Jennifer WalshIt's so true, and I'm so glad you're doing this Podcast. Because as soon as I saw you were doing this, I was like, "Oh, I need to sign up and subscribe." I only listen to Podcasts now, and I only watch videos on YouTube that are inspiring stories that really help me feel uplifted in business and in life, because that's what I want. I don't watch the news anymore. I just don't. I just can't. I'll read the paper, but I want people that are being real, because that's a problem. So many people are like I have to have an Instagrammable day. It has to be beautiful and I think, oh, my gosh.

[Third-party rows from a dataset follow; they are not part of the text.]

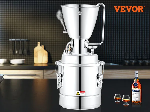 Multipurpose Usage: You can make whisky, wine, vodka, distilled water, ethanol, and essential oil, and also ferment fruits and vegetables, and soybeans via our stainless steel alcohol distiller. The thickened bottom can be heated in various ways, including open fire, induction cooker, electric stoves, etc.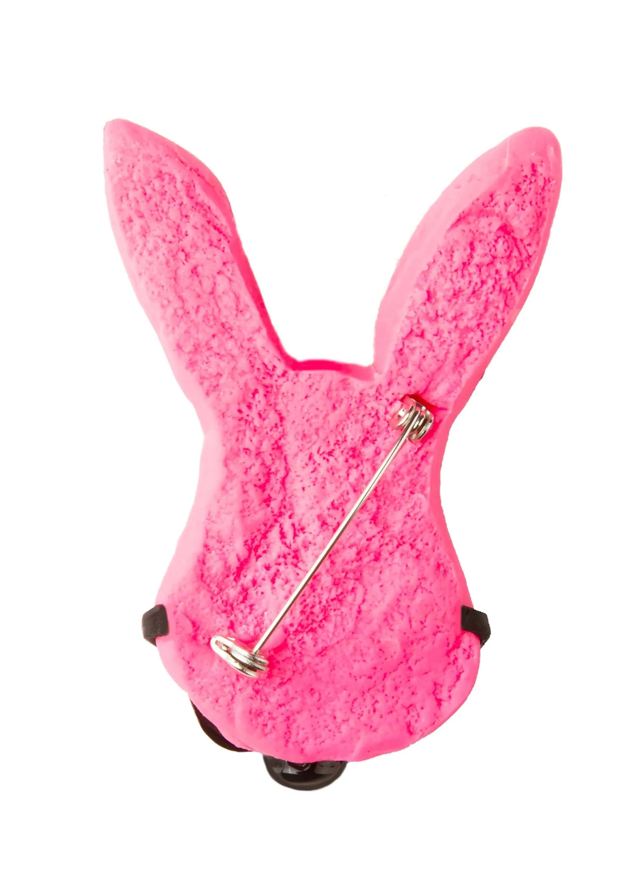 —Брошь Розовый кролик с черным кляпом на булавке
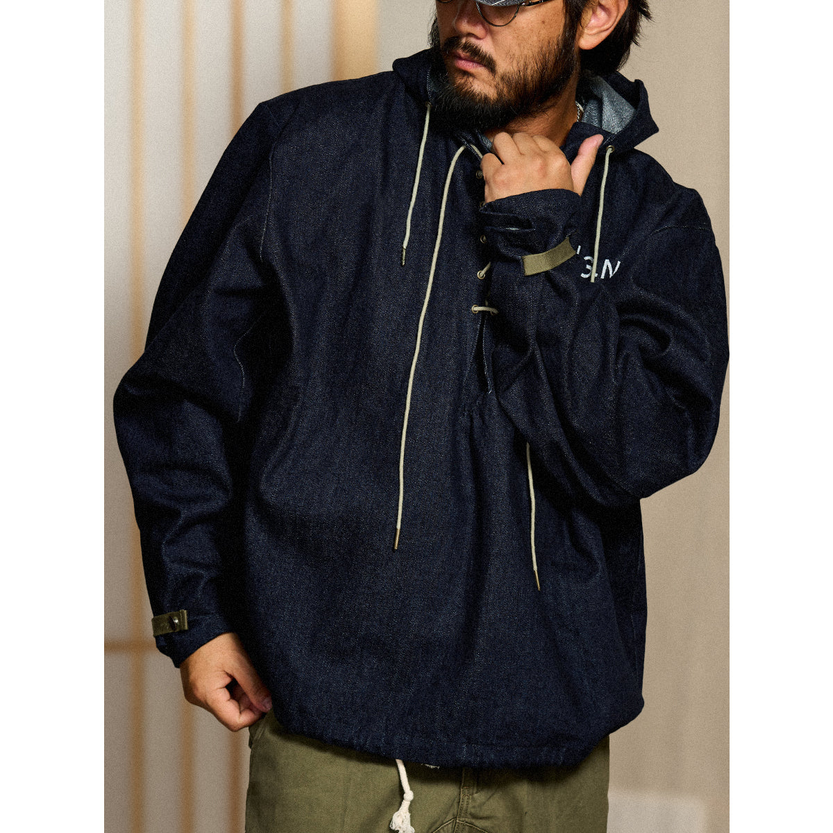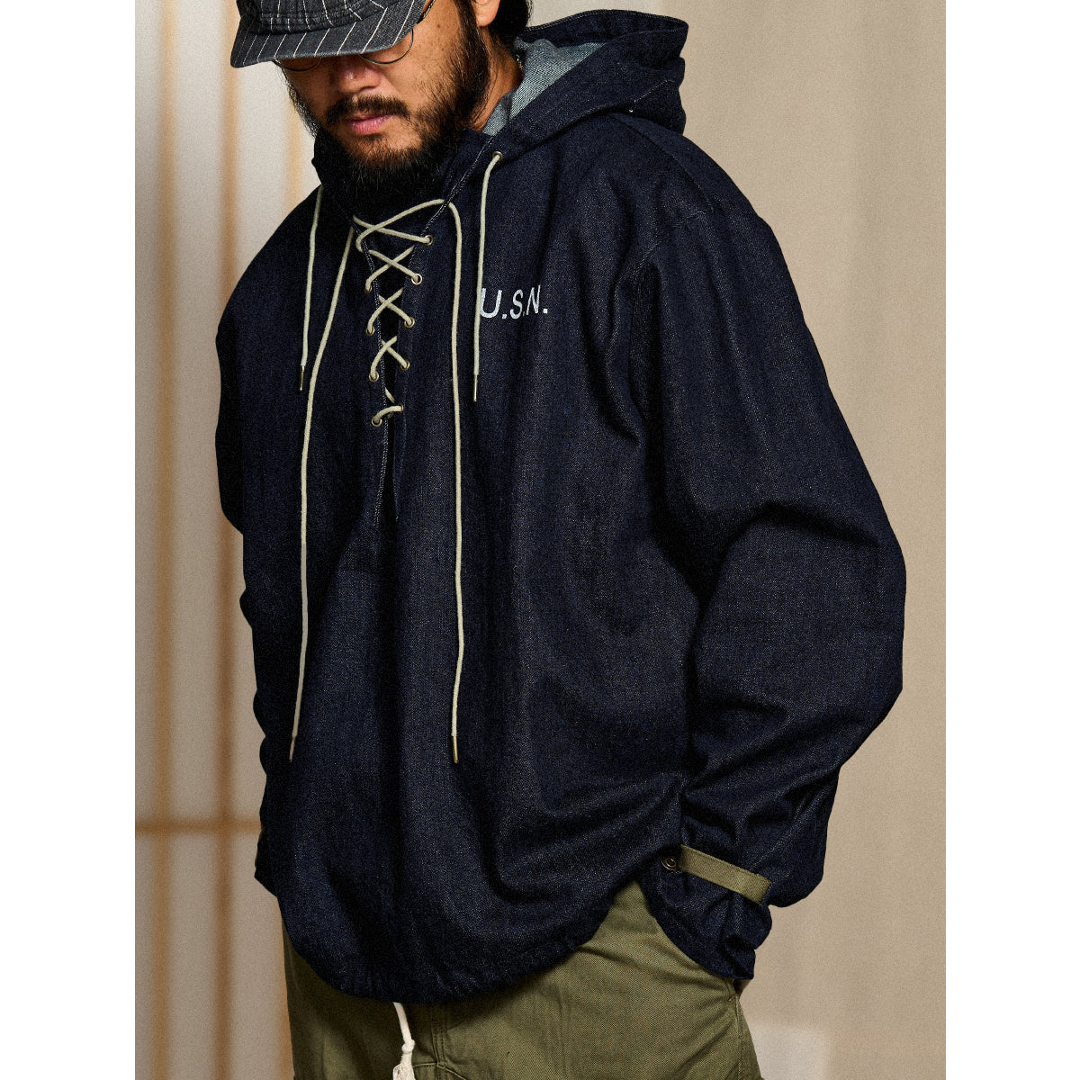 데님으로 재해석한 1940년대 미군 덱 파카. 배색 스트링과 빈티지 무드가 돋보이며, 착용할수록 매력이 더해집니다.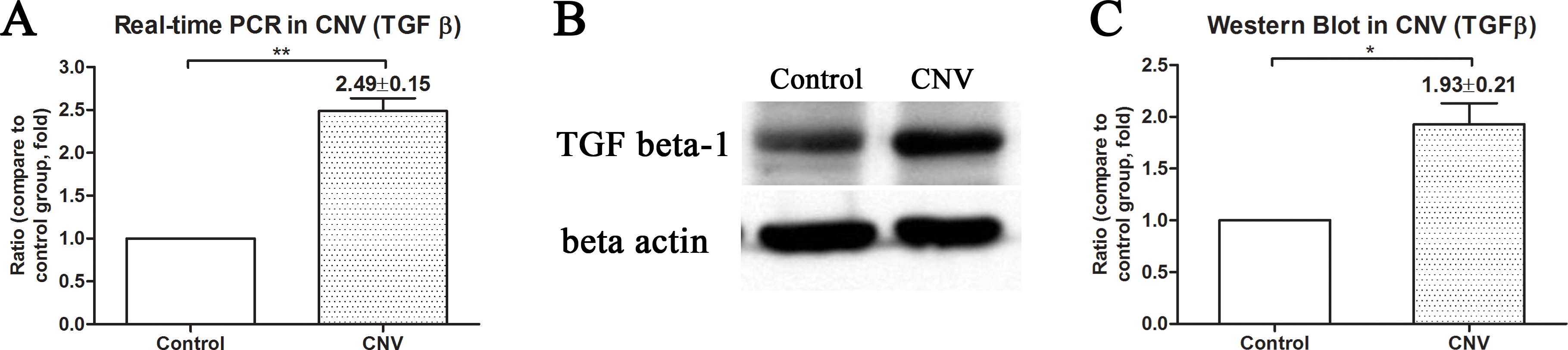 Figure 7. TGF-β expression in the CNV mouse model. A: The expression of TGF-β in a real-time PCR array. TGF-β expression is upregulated significantly 14 days after the CNV lesion.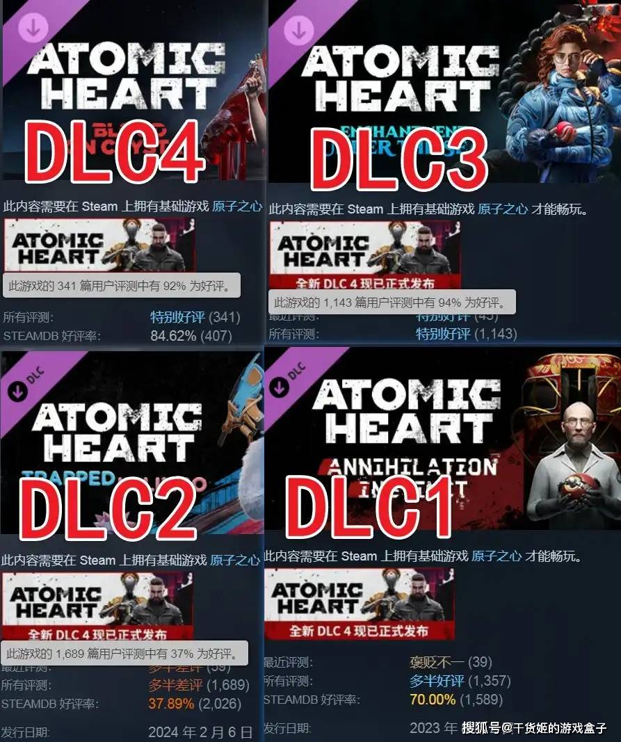 带大家看一个纸面数据,刚推出的DLC4,当前评价为347条评价,好评率为92%特别好评;DLC3,当前评价1143条评价,好评率为94%特别好评;DLC1为73%多半好评,DLC2为37%特别差评。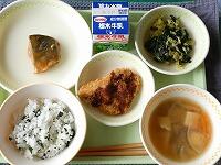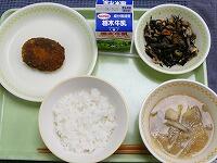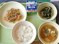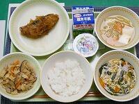 <今日の給食>【西小リクエスト献立】わかめご飯・牛乳・さばの味噌煮・磯香和え・味噌けんちん汁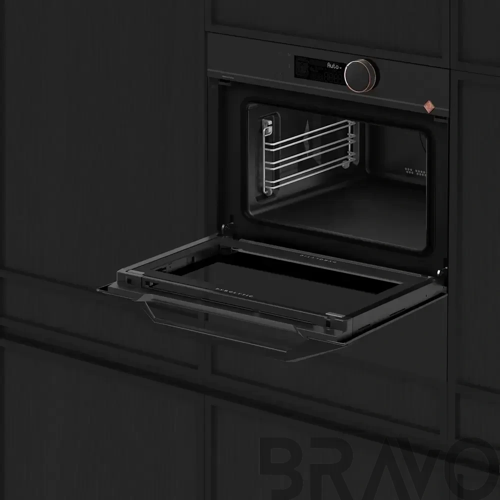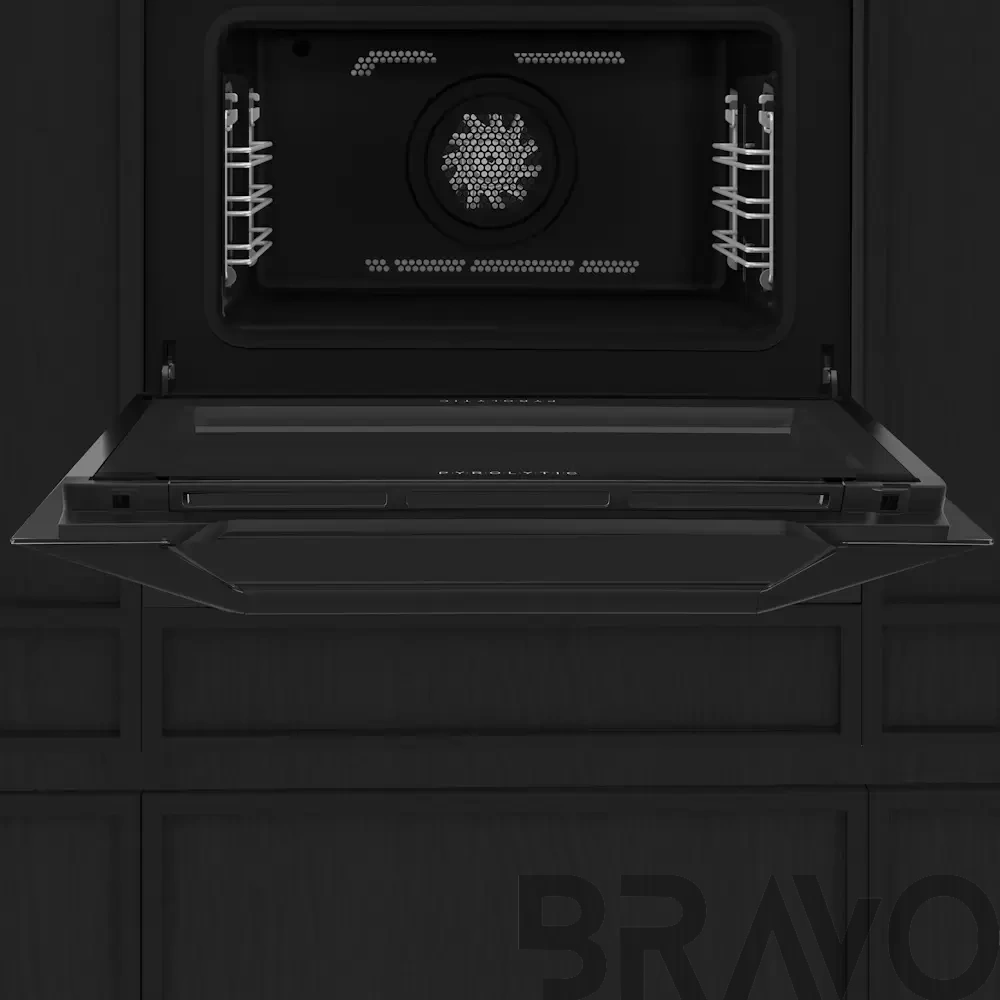 Особенности дизайна и внешней панели управления — также важный пункт при выборе духовки на кухню. В данной модели нужно обратить внимание на цвет — черный, охлаждение двери, чтобы поверхность и мебель вокруг не нагревались.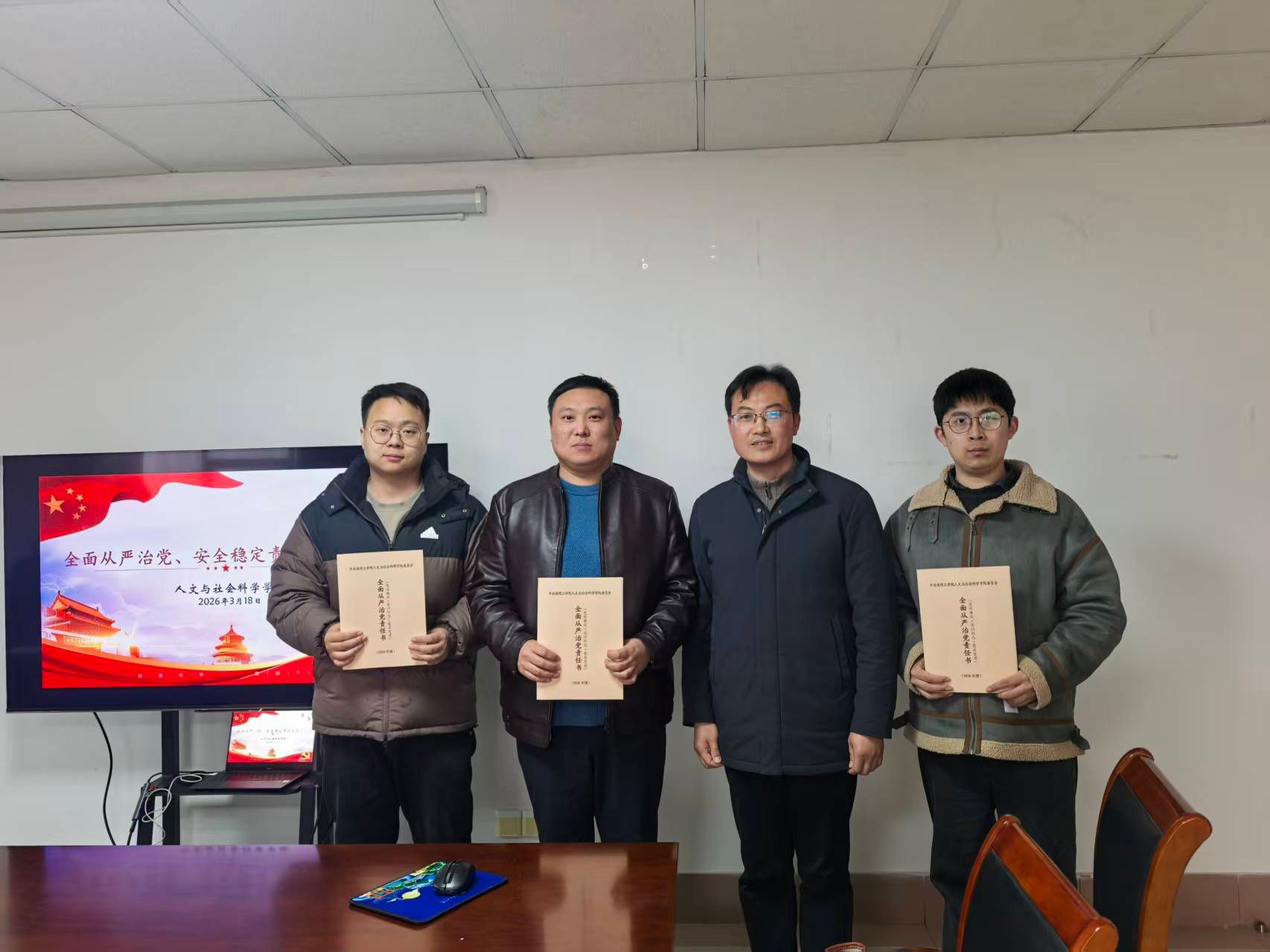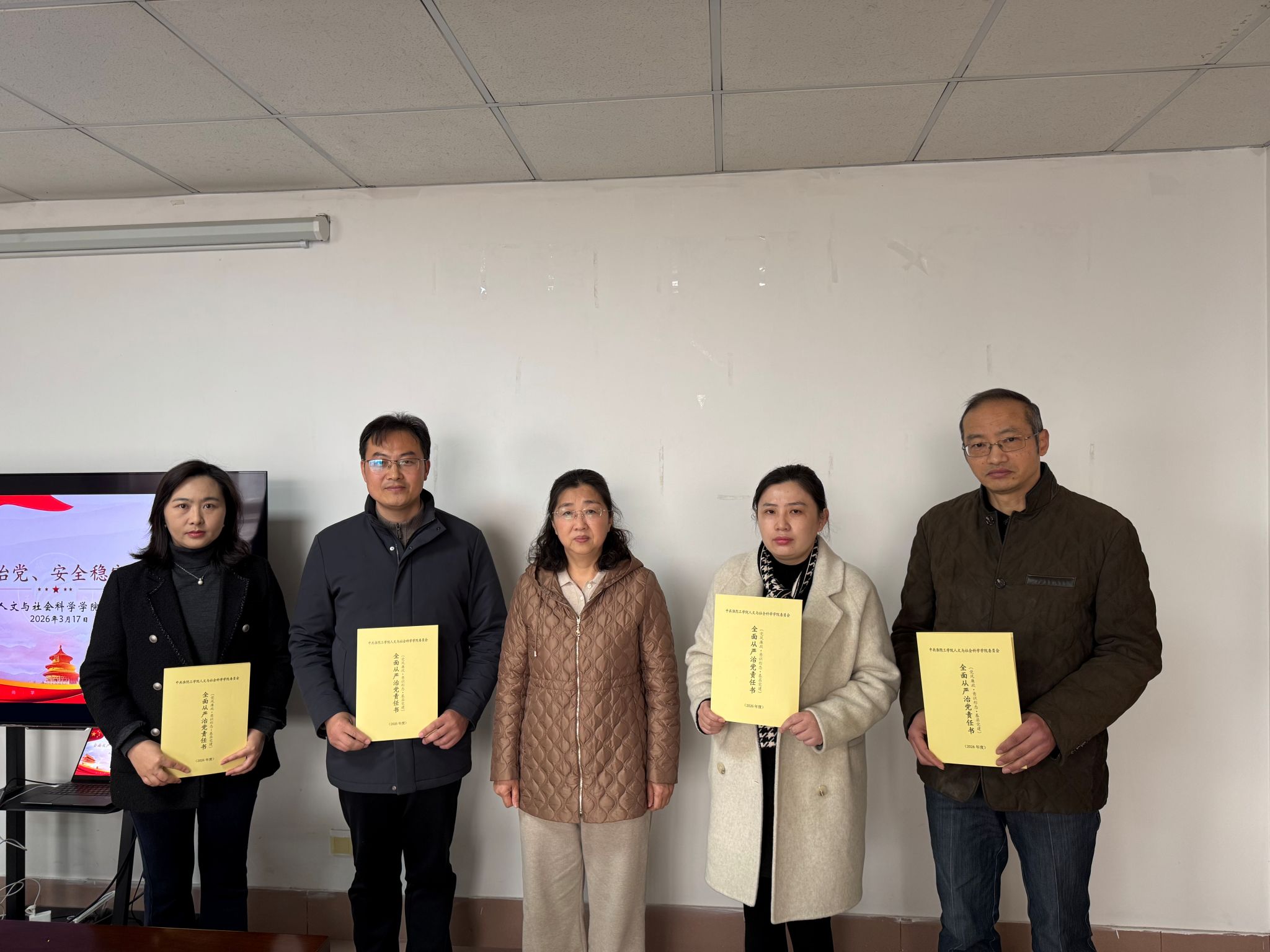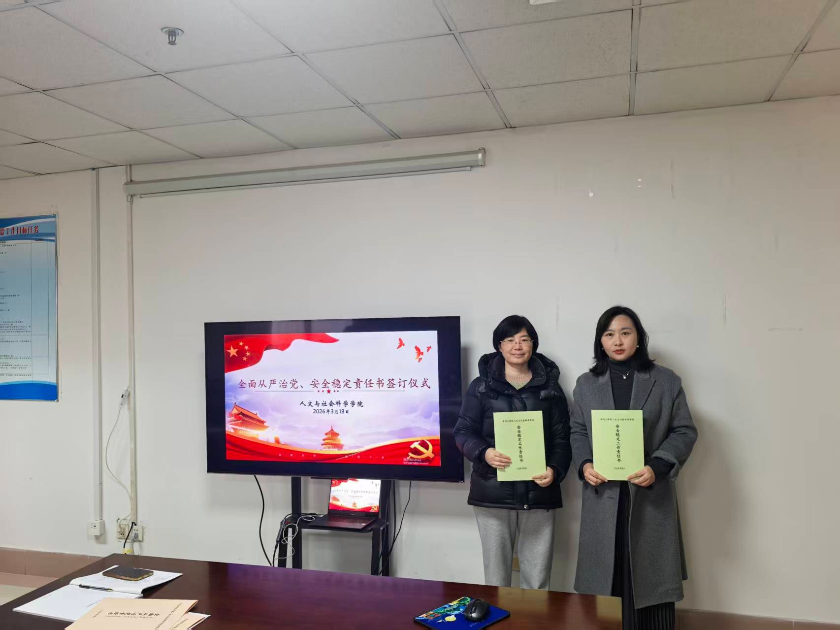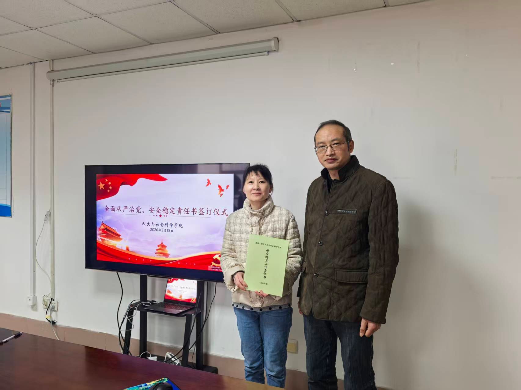 在与会人员的共同见证下,会议举行了责任书签订仪式。学院党政一把手与班子成员逐一签订了《人文与社会科学学院2026年度全面从严治党责任书》、《人文与社会科学学院2026年度安全稳定工作责任书》,明确了班子成员在分管领域内管党治党、党风廉政建设的领导责任,细化了履职清单和考核标准。随后,学院领导干部分别与所分管岗位负责人签订了《人文与社会科学学院2026年度安全稳定工作责任书》和《人文与社会科学学院2026年度全面从严治党责任书》,将责任层层分解、精准传导,落实到岗、具体到人,形成了“党委统筹、班子引领、全员参与、层层落实”的责任体系。

I’m working with my clients, 'cause I'm a consultant as well. So I'm on my computer most of the day, and it's not always beautiful, and I'm not taking gorgeous pictures, because I'm actually working really hard just doing these documents and spreadsheets. So it's not really pretty, but people know where my inspiration comes from, because they'll see my pictures in Central Park. So that's my zen time, that's my serenity. So when I take my pictures in Central Park when I go for my walk or my run, that's where I find my greatest peace. So I think it's important for people to find that. Whatever that is. Whether it be a walk outside or something, it's important of just saying, "Oh, okay. I've got five minutes to breathe for myself. Now I feel a little better."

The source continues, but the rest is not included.